从DbSet加载父项:0,001秒,然后从DbSet加载子项:8,6026秒

从DbSet加载子项:0,6864秒,然后从DbSet加载父项:7,5816159秒

从DbSet加载父级:0秒,然后从父级的延迟加载导航属性加载子级:8,5644549秒

从DbSet加载父项,从include:8,6428788秒加载子项

从DbSet加载父项,并从include:9,1416586秒加载子项,并关闭所有内容

分析

每当父项和子项都在同一个DbContext中时,需要花费很长时间(9秒)来连接所有内容.我甚至试图关闭从代理创建到延迟加载的所有内容,但无济于事.有人可以帮帮我吗 ?

Sla*_*uma 5

这不是答案,因为我没有提高性能的解决方案,但评论部分没有足够的空间来进行以下操作.我只想补充一些额外的测试和观察.

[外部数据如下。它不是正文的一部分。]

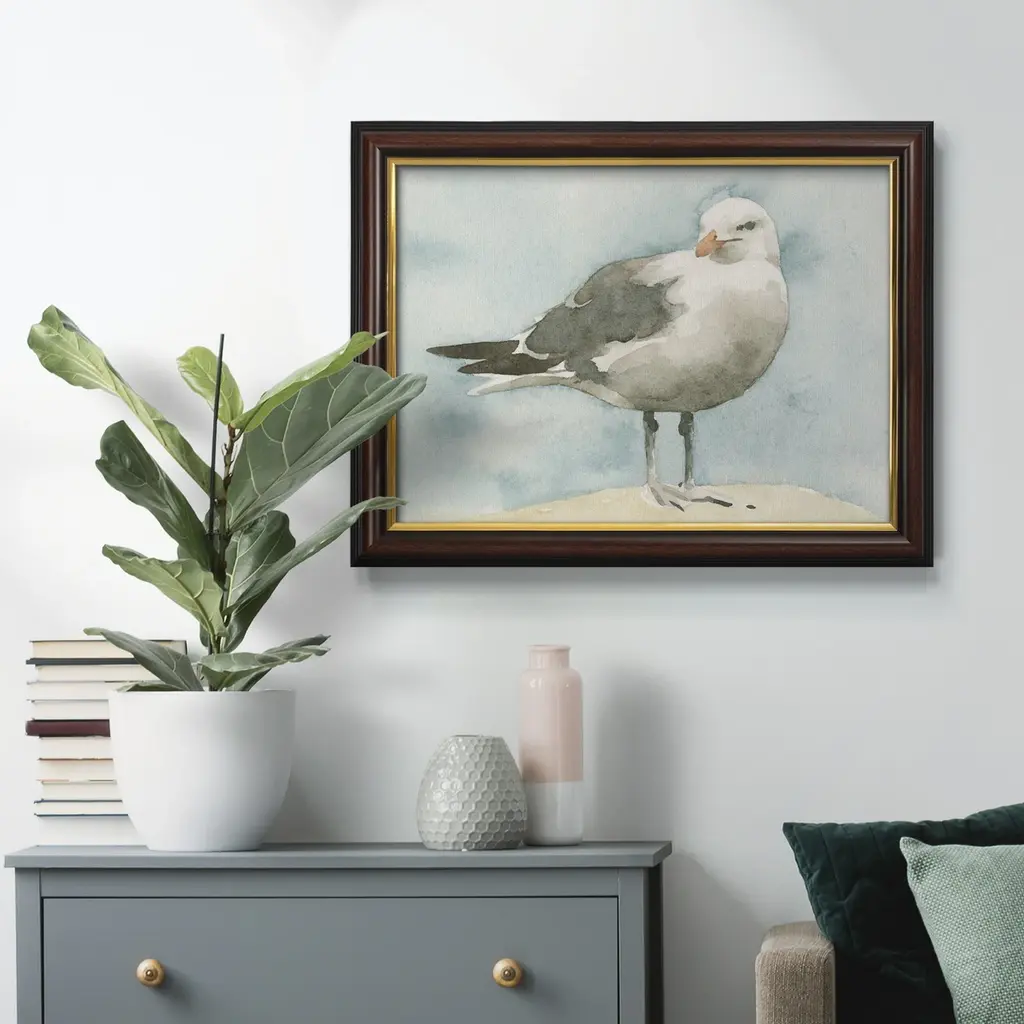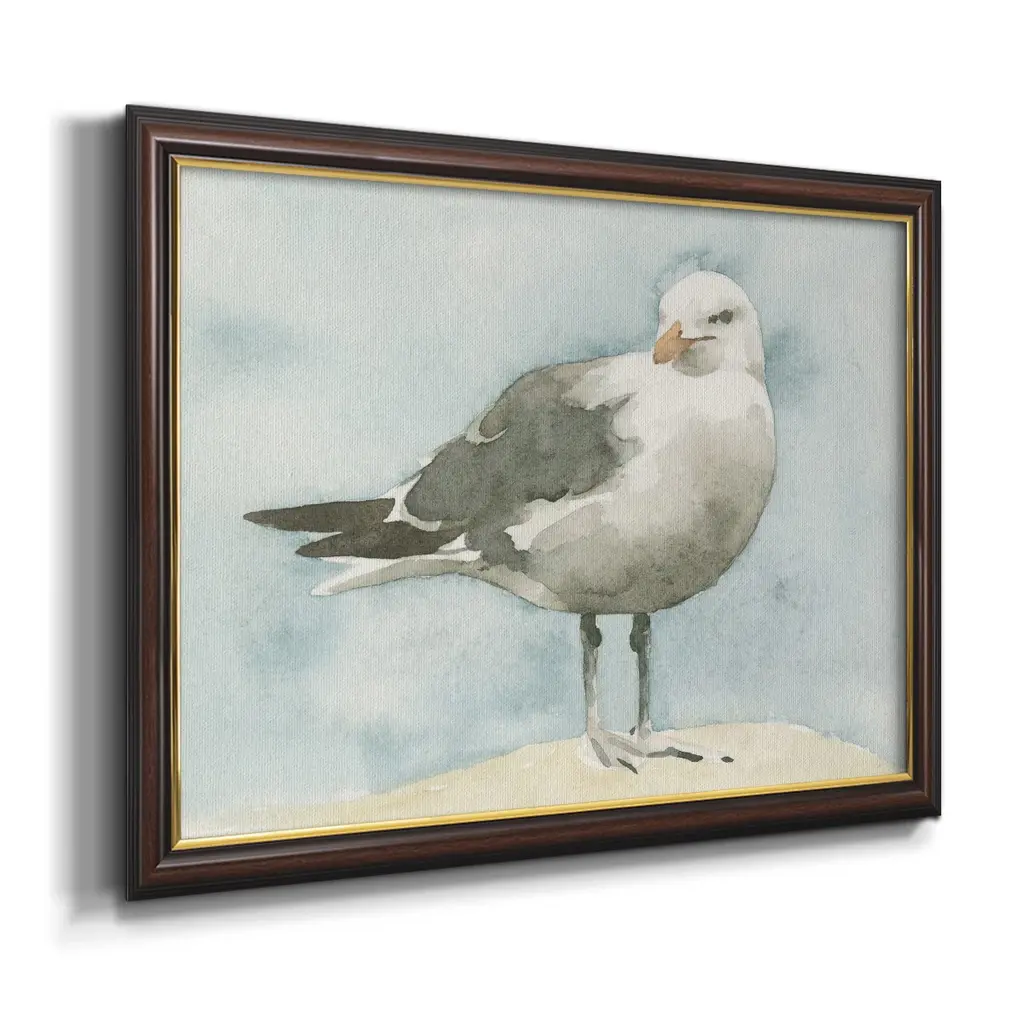 Simple Seagull I Premium Framed Canvas- Ready to Hang A Premium Framed Canvas created to last. Framed in distressed wood and available in an array of sizes and colors Featuring a beveled a solid wood stretcher bar, each piece comes ready to hand 3 SIZES AVAILABLE 16''X20'' - Overall Size 18'X27'' - Overall Size 24''x36'' - Overall Size Each piece is made to order. Each piece comes with hanging hardware. Made in the USA Ready to Hang Giclee Paper Print Acrylic Glass Beveled Matt Board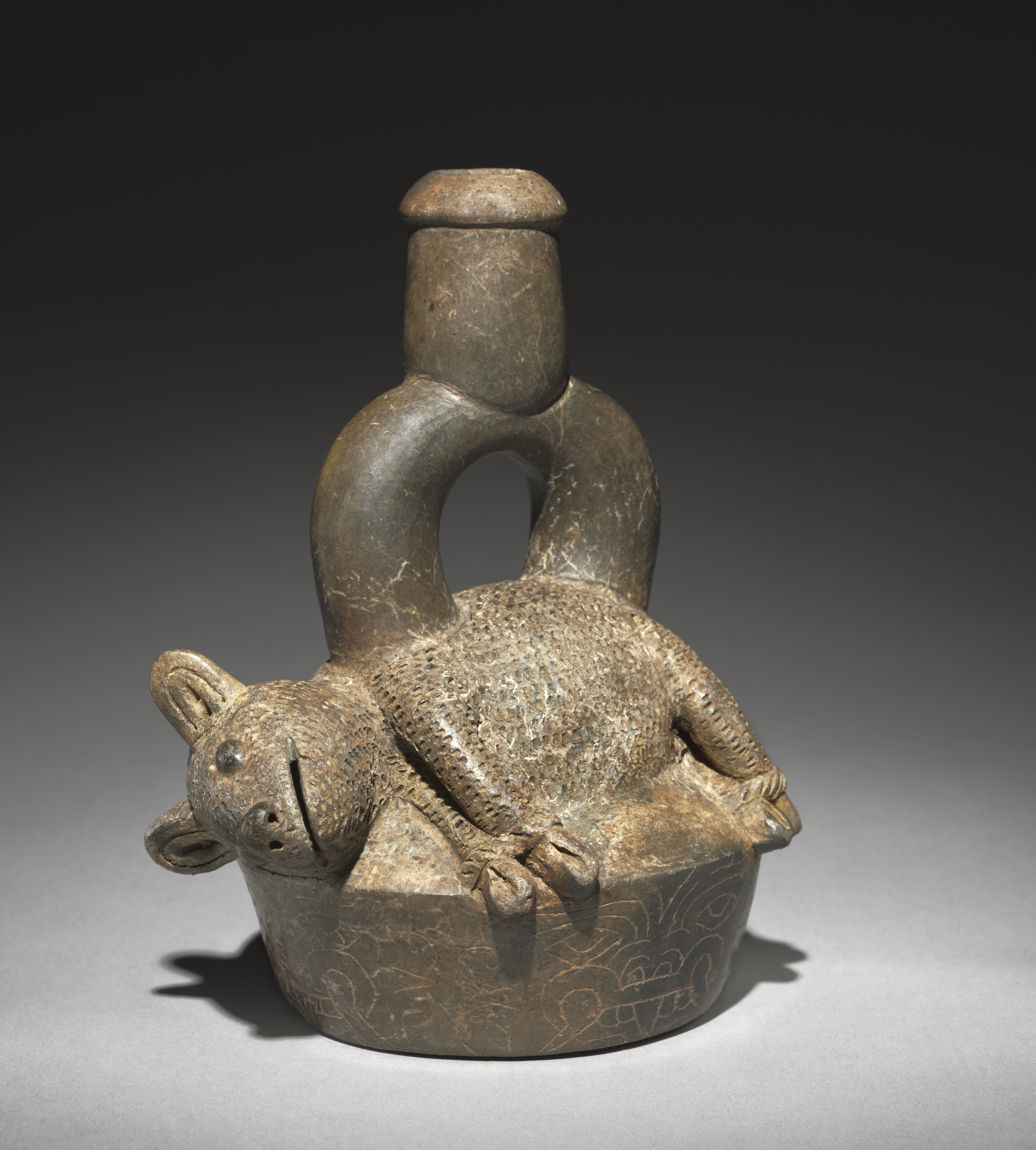 The image depicts a ceramic vessel shaped like an animal lying on its side, resembling a rodent, with a loop handle rising from its back and ending in a small cylindrical opening. The vessel is primarily brown with a textured surface. The animal has large ears, small legs bent underneath its body, and a long snout. The base of the vessel is round and flat with an etched design around it. The background transitions from dark gray at the top to light gray at the bottom. The title is "Vessel with Pudu", by artist unknown.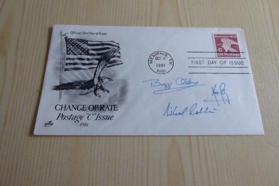 Rymd, kuvert. Apollo 11 autografer är tryckta.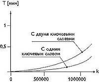 Здесь t - время реакции системы на запросы пользователей, k - количество индексов в базе. Из рисунка видно, что для обработки запроса с одним ключевым словом требуется меньше времени, чем для поиска по двум ключевым словам, причем это особенно заметно при больших объемах базы. Кроме того, следует отметить, что время реакции системы также зависит от технического обеспечения сервера и интенсивности обращений.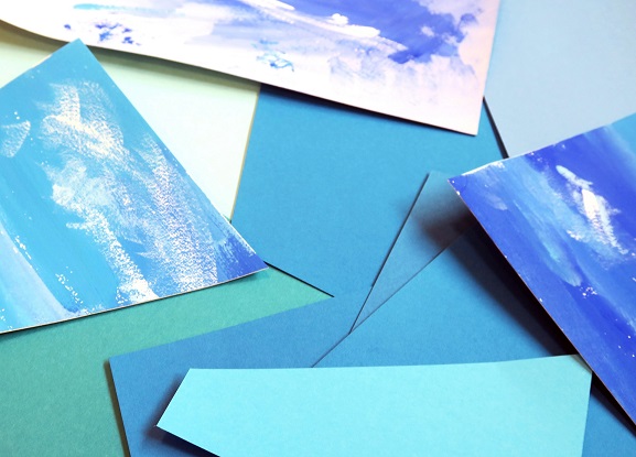 夏といえば空や海の青色!いろいろな青色の紙の中から好きなものをえらんで、展示室の壁をみんなで青く彩っていく参加型コーナー。たくさんの青色の中には、プレワークショップで子どもたちがつくった紙も使用する。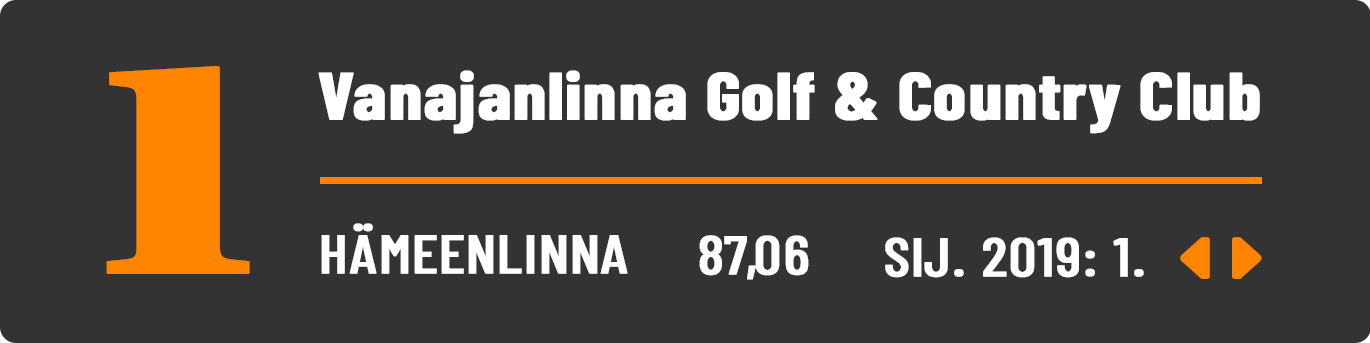 | 1 | 0 | -0.68 | Vanajanlinna Golf & Country Club | 87.06 | 9.06 | 9.18 | 8.87 | 8.32 | 8.78 | 8.53 | 8.87 | 7.36 |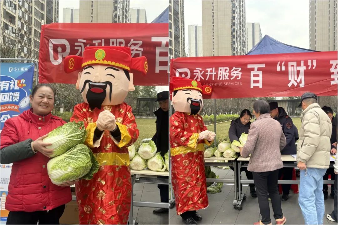 去年冬至,旭辉美的东樾城举办的“百‘财’到家‘蔬’送美好”活动大受欢迎,累计送出大白菜超500颗。业主们排队领到白菜都很开心:“白菜家家户户都需要,寓意也很好,物业用心了”。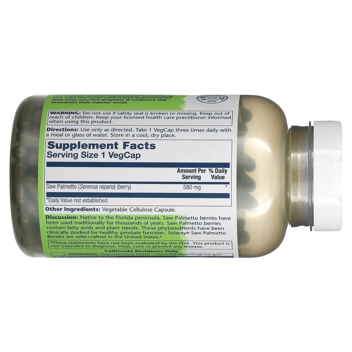 Описание. Ягоды серенои, растущие на полуострове Флорида, традиционно использовались в течение тысяч лет. Они содержат жирные кислоты и фитостерольные эфиры. Эти фитонутриенты прошли клинические исследования для здоровой работы предстательной железы. Ягоды серенои от Solaray® добыты в диких условиях в США.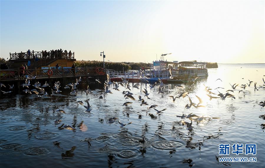 10月17日,游客在居延海岸边的木栈道上给水鸟喂食。 新华社记者 彭源 摄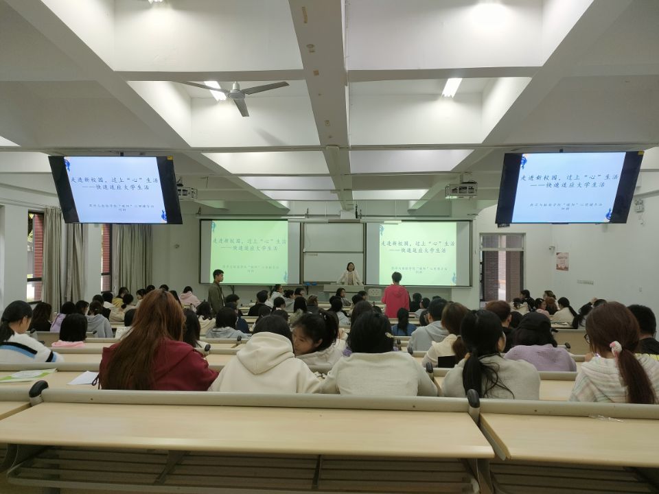 为了帮助2024级新生适应老员工活,指导新生完成高中生到老员工的角色转变,帮助他们更好地成长和成才,2024年10月18日中午,云顶国际8588yd“暖阳”心理辅导站在经开区1104开展“走进新校园,过上“心”生活——快速适应老员工活”新生适应讲座,云顶国际8588yd107名同学参加了讲座。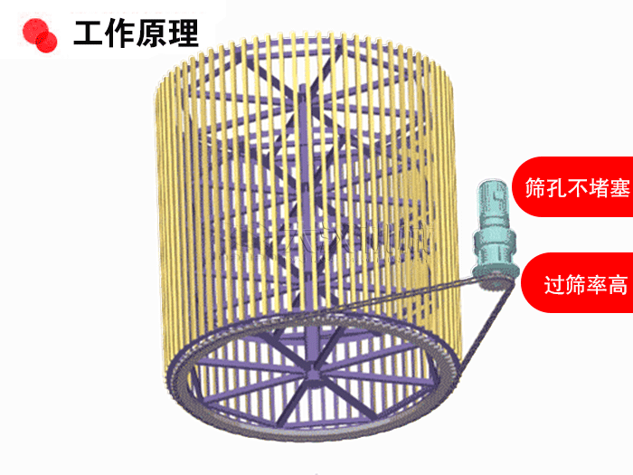 該產品的主要依靠驅動裝置帶動滾筒篩網,對于物料做360°旋轉時篩分,在滾動篩網的作用下,物料能夠輕松的達到分散的狀態,從幫助篩網進行快速的篩分。通過篩網網孔的物料留到皮帶輸送機上,由出料口排出,而沒有通過篩網篩分的將從肥料口排出,從而完成物料的篩分目的。
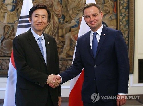 | △ 폴란드 대통령 당선인 예방한 윤병세 장관 (바르샤바<폴란드>=연합뉴스) 김도훈 기자 = 유라시아 친선특급 행사로 폴란드를 방문 중인 윤병세 외교부장관이 30일(현지시간) 폭살 거리에 위치한 대통령 당선인 사무실을 예방해 안제이 두다 당선인과 악수를 하고 있다. |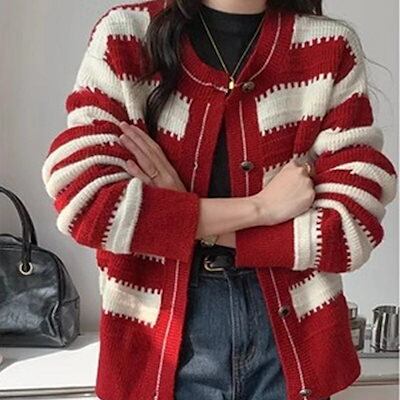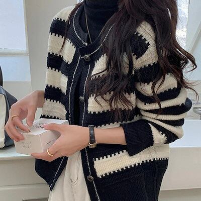 カーディガン アウター セーター レディース ニットアウター 秋冬 ニットセーター 秋 羽織 トップス ジャケット ボーダー柄 コート ニットコート ゆったり ショート丈 体型カバー 前開き カジュア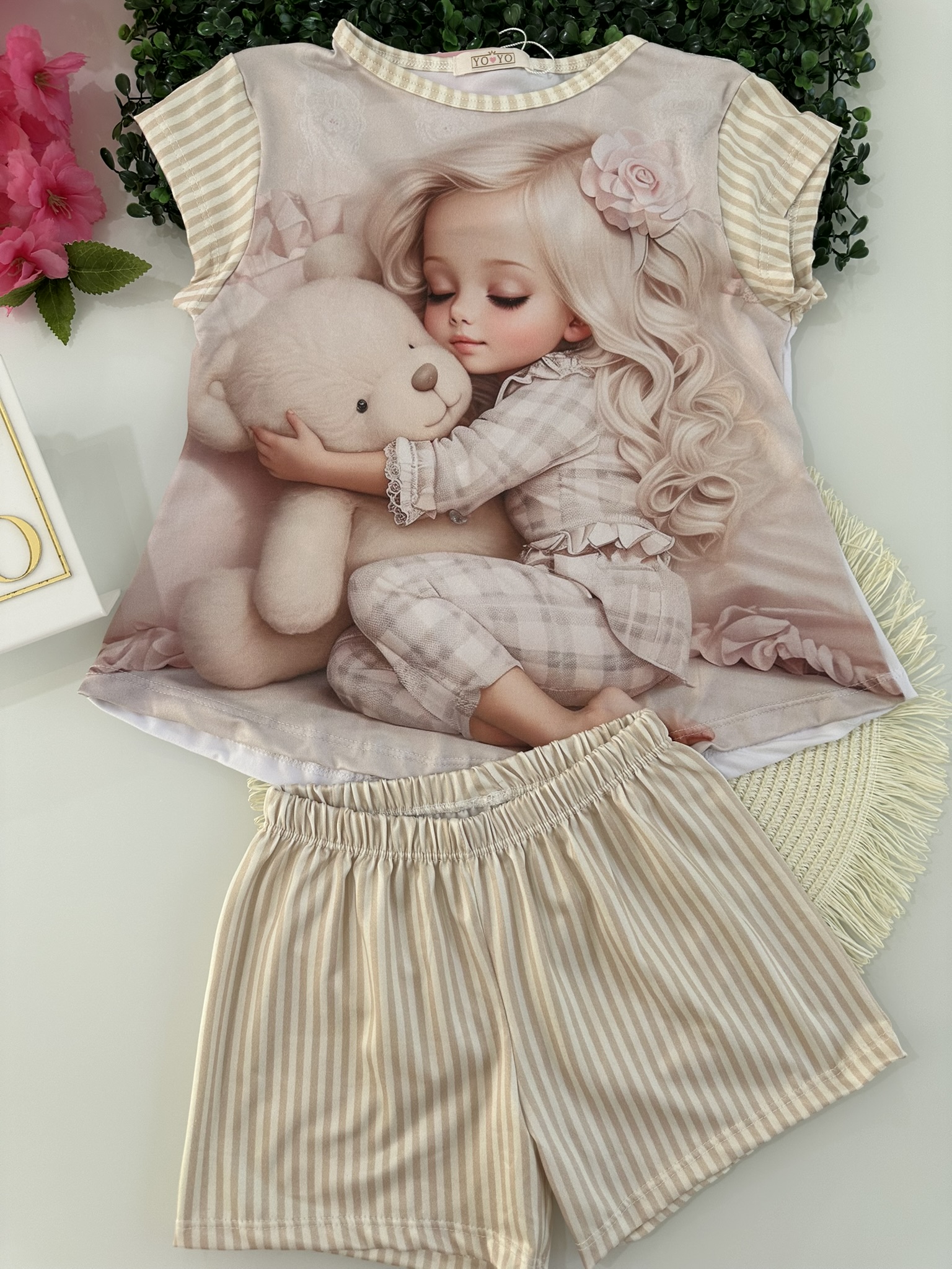 • Estapa menina com ursinho, modelo bem soltinho, tecido com toque macio, shorts com elastico na cintura, poliéster e elastano.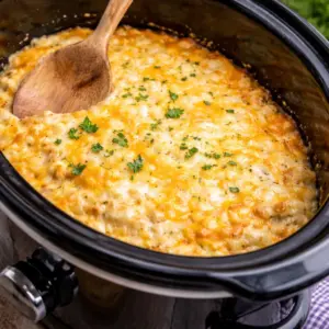 I spray the crockpot insert well, then stir everything together in a big bowl until the potatoes are fully coated. Pour it into the crockpot, smooth it out, and cook on low until hot and bubbly and the edges look slightly golden. I usually plan for about 3 to 4 hours on low, but crockpots vary, so start checking a little early if yours runs hot.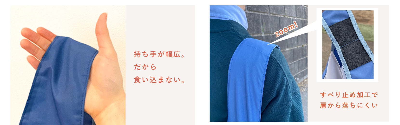 さらに、周りをぬらさない強撥水オリジナルケース・持ちやすく、コンパクトに収納できる持ち手と、とことん持ち歩きやすさにこだわりました。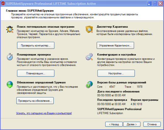 SUPERAntiSpyware сканирует память, реестр и файлы на предмет заражения шпионскими модулями. Средствами программы найденных паразитов можно удалить или поместить в карантин. Предусмотрена возможность сканирования тремя способами: при быстром сканировании проверяются только самые распространенные места заражения, при полном - все файлы, а в третьем режиме можно самостоятельно выбрать область проверки. Встроенный планировщик поможет организовать проверку компьютера в заданное время. Кроме этого программа умеет защитить от изменений стартовую страницу браузера, восстановить настройки Интернет-соединений, Рабочего стола, уровня безопасности Internet Explorer и многих других параметров. Чтобы эффективно бороться со шпионскими модулями и вредоносными программами, утилита автоматически обновляет свою базу данных через Интернет.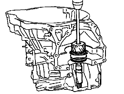 c. Using a press, drive out the drive pinion from the transaxle case.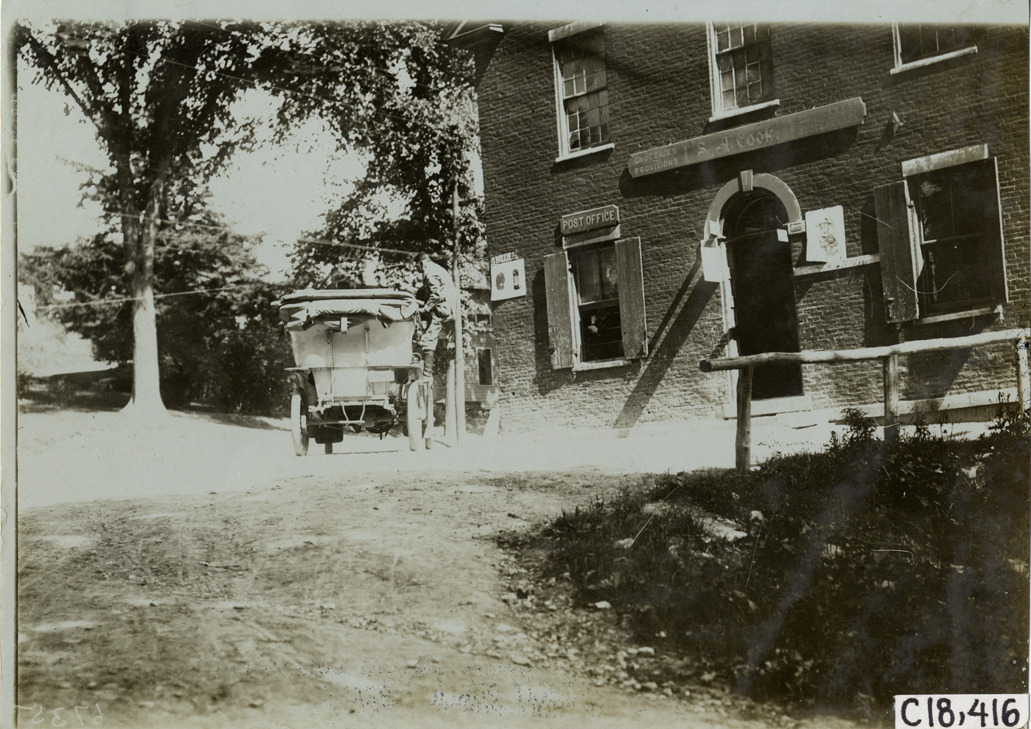 Automobile parked in front of post office and S.A. Cook grocery store, 1905 Glidden Tour

首先,我几乎可以为所有七次测试重现您的测量时间.我使用EF 4.1进行测试.

一些有趣的事情需要注意:

  • 从(快速)测试2我得出结论,对象实现(将从数据库服务器返回的行和列转换为对象)并不慢.

  • 这也可以通过在没有更改跟踪的情况下加载测试3中的实体来确认:

    parents = entities.Parents.AsNoTracking().ToList();
    // ...
    children = entities.Childs.AsNoTracking().ToList();
    
    Run Code Online (Sandbox Code Playgroud)

    此代码运行速度很快,但也必须实现25001个对象(但不会建立导航属性之间的关系!).

  • 同样来自(快速)测试2我会得出结论,为变更跟踪创建实体快照并不慢.

  • 在测试3和4中,当从数据库加载实体时,父和25000个子节点之间的关系得到修复,即EF将所有Child实体添加到父Childs集合中,并将Parent每个子节点设置为加载的父节点.你已经猜到了,显然这一步很慢:

    我认为问题是父和孩子之间的导航属性的连线.

    特别是关系的收集方似乎是问题:如果你注释掉类中的Childs导航属性Parent(关系仍然是一对多的关系,那么)测试3和4很快,尽管EF仍设置Parent所有25000个Child实体的财产.

    我不知道为什么在关系修复期间填充导航集合是如此之慢.如果你以天真的方式手动模拟它,就像这样......

    entities.Configuration.ProxyCreationEnabled = false;
    
    children = entities.Childs.AsNoTracking().ToList();
    parents = entities.Parents.AsNoTracking().ToList();
    
    parents[0].Childs = new List<Child>();
    foreach (var c in children)
    {
        if (c.ParentId == parents[0].ParentId)
        {
            c.Parent = parents[0];
            parents[0].Childs.Add(c);
        }
    }
    
    Run Code Online (Sandbox Code Playgroud)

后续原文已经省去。